§ Activity
Instruction for the entries below: return the part that opens with the line containing "YUV 104.009,-3.948,-40.35 Color" and closes with the line containing "PALANGKA RAYA. Kaltengtimes.co.id", exactly, and no pictures.

§ Material for this task
-----
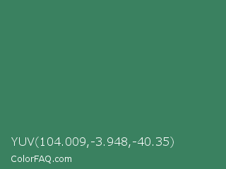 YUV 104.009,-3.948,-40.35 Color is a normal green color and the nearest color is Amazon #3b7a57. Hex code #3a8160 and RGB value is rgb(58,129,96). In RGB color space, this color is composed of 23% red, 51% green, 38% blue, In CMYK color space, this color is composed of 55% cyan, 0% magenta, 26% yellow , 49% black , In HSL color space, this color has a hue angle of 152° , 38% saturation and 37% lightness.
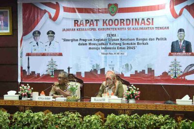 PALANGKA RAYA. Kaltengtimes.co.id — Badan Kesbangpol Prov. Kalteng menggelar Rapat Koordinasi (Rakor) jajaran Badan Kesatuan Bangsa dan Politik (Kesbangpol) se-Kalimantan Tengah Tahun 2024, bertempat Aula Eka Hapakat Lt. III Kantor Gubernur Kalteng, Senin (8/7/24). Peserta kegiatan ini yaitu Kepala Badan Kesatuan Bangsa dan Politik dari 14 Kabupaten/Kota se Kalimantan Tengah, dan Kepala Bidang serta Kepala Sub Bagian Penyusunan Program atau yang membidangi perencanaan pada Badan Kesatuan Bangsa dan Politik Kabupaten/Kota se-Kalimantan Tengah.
-----
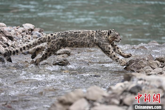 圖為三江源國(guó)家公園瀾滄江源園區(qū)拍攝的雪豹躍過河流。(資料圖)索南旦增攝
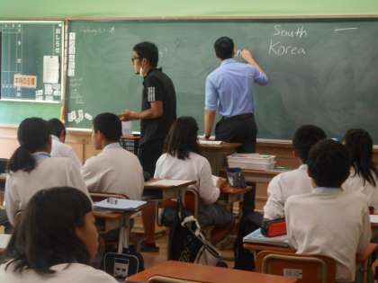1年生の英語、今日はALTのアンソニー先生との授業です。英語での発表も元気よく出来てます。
-----
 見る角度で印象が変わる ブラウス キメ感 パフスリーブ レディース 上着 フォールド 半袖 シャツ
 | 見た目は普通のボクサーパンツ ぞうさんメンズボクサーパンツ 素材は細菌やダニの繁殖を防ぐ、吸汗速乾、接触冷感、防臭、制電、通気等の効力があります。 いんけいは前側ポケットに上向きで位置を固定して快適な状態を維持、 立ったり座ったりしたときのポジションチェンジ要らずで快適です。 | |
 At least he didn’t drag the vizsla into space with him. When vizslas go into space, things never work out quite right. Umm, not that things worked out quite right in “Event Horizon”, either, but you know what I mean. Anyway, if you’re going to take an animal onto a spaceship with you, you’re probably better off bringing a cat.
-----
§ Solved problem
 YUV 104.009,-3.948,-40.35 Color is a normal green color and the nearest color is Amazon #3b7a57. Hex code #3a8160 and RGB value is rgb(58,129,96). In RGB color space, this color is composed of 23% red, 51% green, 38% blue, In CMYK color space, this color is composed of 55% cyan, 0% magenta, 26% yellow , 49% black , In HSL color space, this color has a hue angle of 152° , 38% saturation and 37% lightness.
 PALANGKA RAYA. Kaltengtimes.co.id — Badan Kesbangpol Prov. Kalteng menggelar Rapat Koordinasi (Rakor) jajaran Badan Kesatuan Bangsa dan Politik (Kesbangpol) se-Kalimantan Tengah Tahun 2024, bertempat Aula Eka Hapakat Lt. III Kantor Gubernur Kalteng, Senin (8/7/24). Peserta kegiatan ini yaitu Kepala Badan Kesatuan Bangsa dan Politik dari 14 Kabupaten/Kota se Kalimantan Tengah, dan Kepala Bidang serta Kepala Sub Bagian Penyusunan Program atau yang membidangi perencanaan pada Badan Kesatuan Bangsa dan Politik Kabupaten/Kota se-Kalimantan Tengah.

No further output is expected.